Associate Data Practitioner
Unlock the power of your data in the cloud! Get hands-on with Google Cloud's core data services like BigQuery and Looker to validate your practical skills in data ingestion, analysis, and management, and earn your Associate Data Practitioner certification!
Practice Test
Fundamental
Practice Test
Fundamental
3.2 Schedule, automate, and monitor basic data processing tasks
Create and manage scheduled queries (e.g., BigQuery, Cloud Scheduler, Cloud Composer)
Scheduled queries let you run SQL statements automatically on a regular basis. In Google Cloud, you can use BigQuery’s built-in scheduler, Cloud Scheduler, or Cloud Composer to set up these tasks. Scheduled queries help you keep data fresh without manual intervention.
When you create a scheduled query, you choose the query text, the output table, and the frequency of execution. You can set schedules from minutes to days, depending on your needs. Automating queries reduces the chance of human error and ensures timely data updates.
To manage scheduled queries, you can:
- Monitor status and last run time in the BigQuery console
- Use Cloud Scheduler to trigger REST calls or Pub/Sub messages
- Employ Cloud Composer for more complex workflows
These tools give you flexibility and visibility into your automated data tasks.
Monitor Dataflow pipeline progress using the Dataflow job UI
A Dataflow pipeline processes streaming or batch data using Apache Beam. The Dataflow job UI provides a graphical view of your pipeline’s state. Pipeline monitoring helps you spot delays or failures early.
In the job UI, you can view:
- Job status (running, succeeded, failed)
- Throughput metrics like elements per second
- Resource usage such as CPU and memory
These insights let you check performance and health at a glance.
Using the job UI, you can drill down into individual steps of your pipeline. You can see where processing slows or errors occur and then take action to optimize or fix issues. Proactive monitoring helps keep your data workflows reliable.
Review and analyze logs in Cloud Logging and Cloud Monitoring
Cloud Logging captures logs from Google Cloud services and applications. Cloud Monitoring turns those logs into metrics and dashboards. Together, they form a central location for observing your systems.

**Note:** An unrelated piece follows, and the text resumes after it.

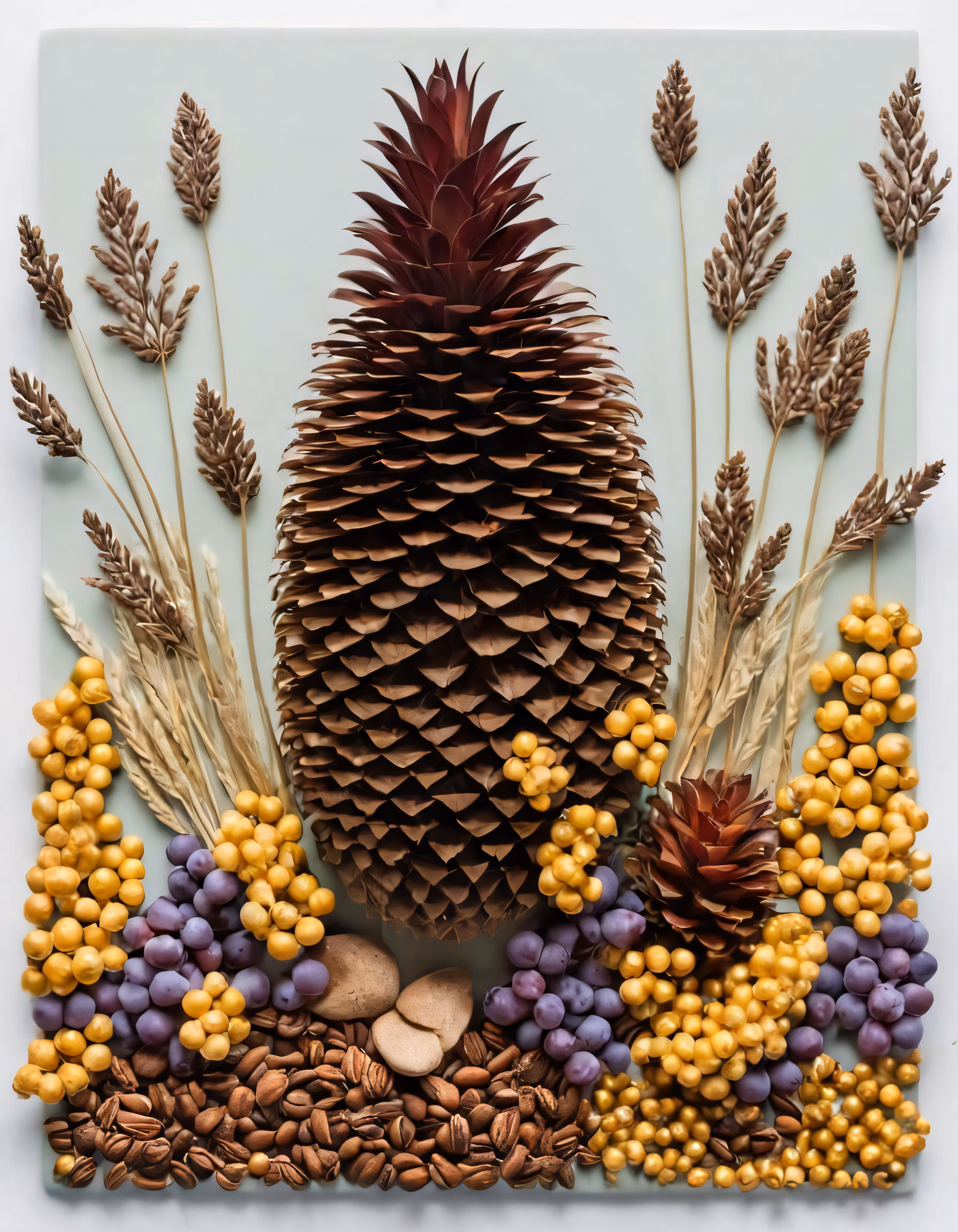 High resolution picture, free to use, a photo is made out of various objects, including nuts and plants

With Cloud Logging, you can search and filter log entries to find errors or warnings. You can use the Logs Explorer to build queries and export results for further analysis. These logs give you a detailed record of what happened and when.
In Cloud Monitoring, you create metrics and set up alerts based on log data or system signals. Dashboards display charts of key metrics like latency or error rates. Setting alerts ensures you are notified when something goes wrong and can respond quickly.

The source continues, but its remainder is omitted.